“Todo el que se enaltece será humillado y el que se humilla será enaltecido." (Lc 14, 11)
La humildad no ha sido nunca una virtud de fácil aplicación. Sin embargo, todos los santos enseñan, con su vida y sus escritos, que sin ella no hay santidad posible. Pero hay muchos grados en la humildad. Está aquella que nos ayuda a reconocernos como somos, a aceptar la verdad de las correcciones que nos hacen los demás, aunque nos duela que nuestros defectos sean conocidos por los otros. Está la humildad de quienes asumen el misterio de la voluntad de Dios para sus vidas a pesar de que no entienden por qué el Señor permite ciertas cosas, ciertas desgracias. Está la humildad de los que quisieran hacer más de lo que hacen pero se ven imposibilitados por sus malas condiciones de salud o de tiempo, e incluso se ven forzados a pedir ayuda. Está la humildad del que trabaja sin esperar un aplauso o una muestra de agradecimiento, aunque la tenga más que merecida. Está también la humildad del que soporta la injusticia y la calumnia, siempre que sea él y no otro el perjudicado. Y, para poner fin a una serie que sería interminable, está la humildad del que no le importa correr el riesgo de fracasar y hacer el ridículo para hacer la voluntad de Dios, en lugar de quedarse a la expectativa esperando que sean otros los que resuelvan los problemas.

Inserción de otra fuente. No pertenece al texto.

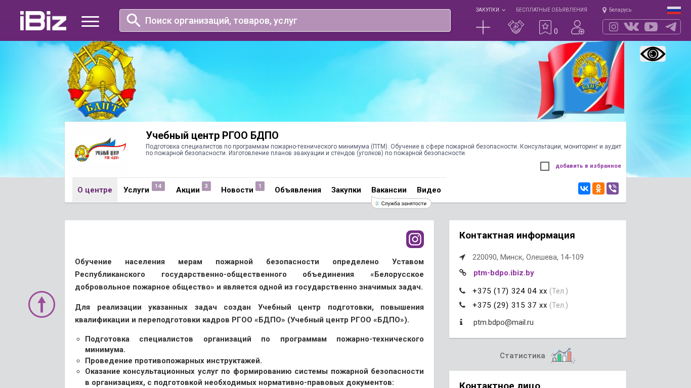 Название / ЗаголовокУчебный центр РГОО БДПО - Подготовка специалистов по программам пожарно-технического минимума (ПТМ). Обучение в сфере пожарной безопасности. Консультации, мониторинг и аудит по пожарной безопасности. Изготовление планов эвакуации и стендов (уголков) по пожарной безопасности.. 220090, Минск, , Олешева, 14-109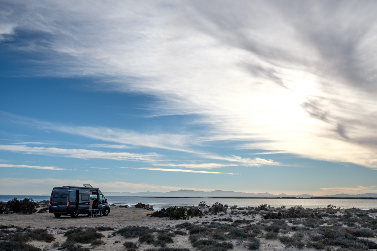 Mittag sind wir schon in Ojo de Liebre. Zu der Walstation fährt man durch die Salzgewinnung. Der Campingplatz ist riesig, er zieht sich ungefähr 3 km am Strand entlang und außer uns sind nur 5 Autos da. Es ist eindeutig noch Vorsaison. Trotzdem, morgen machen wir uns auf zum Whalewatching!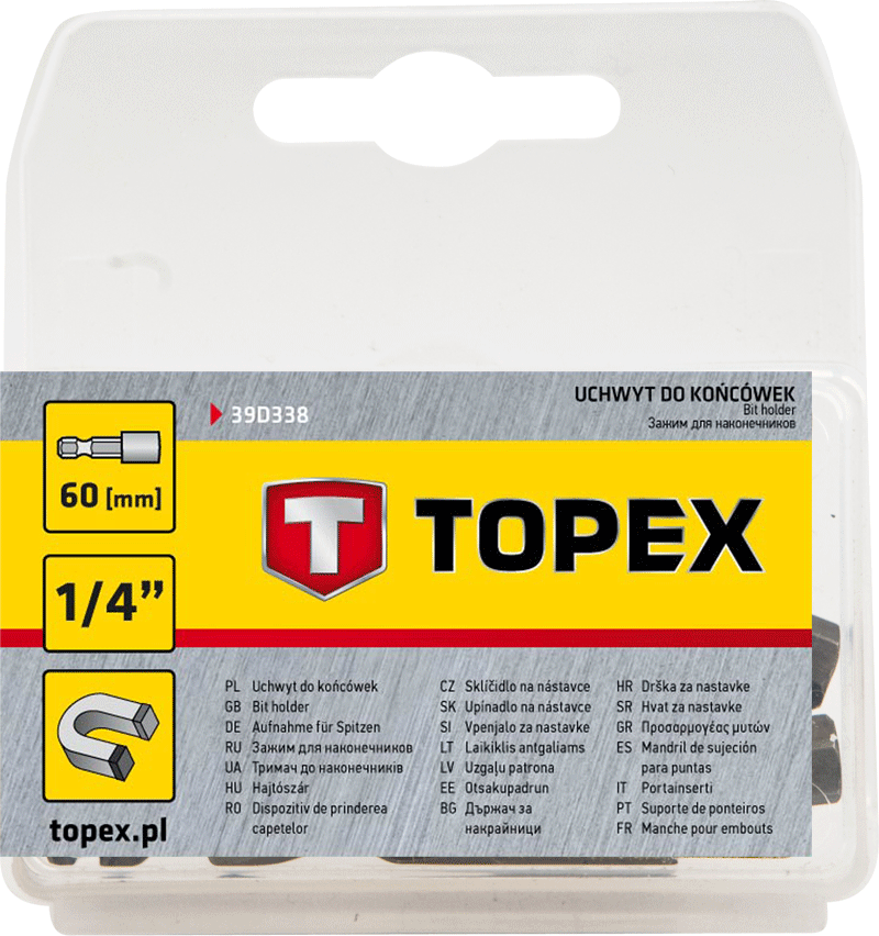 Uchwyt do końcówek TOPEX (nr ref. 39D338) o długości 60 mm przeznaczony do wkrętarek i wiertarko-wkrętarek z końcówką w rozmiarze 1/4 . Umożliwia szybką i prostą wymianę bitów. Marka TOPEX skierowana jest do majsterkowiczów.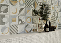 Материал — керамика, поверхность матовая, что обеспечивает минимальную отражающую способность и практичность в уходе. Нейтральные базовые цвета и имитации дерева и бетона позволяют сочетать коллекцию с различными отделочными материалами и мебелью. Отсутствие декоров делает серию подходящей для однотипной облицовки площадей, где важна спокойная фактура и однородность покрытия.

Pero, para vivir esa humildad, hace falta algo, sin lo cual resulta no sólo difícil sino imposible. Hace falta estar enamorado del Cristo humilde y, por Él y para ser como Él, asumir todo lo que Dios quiere o permite que ocurra en nuestra propia vida. Por Él, pero también con Él, pues sin su ayuda no podemos hacer nada. Por Él y como María, la gran maestra de la humildad, la que nos enseña a hacer la voluntad de Dios con sencillez, sin darnos importancia y aceptando el misterio de los renglones torcidos de Dios.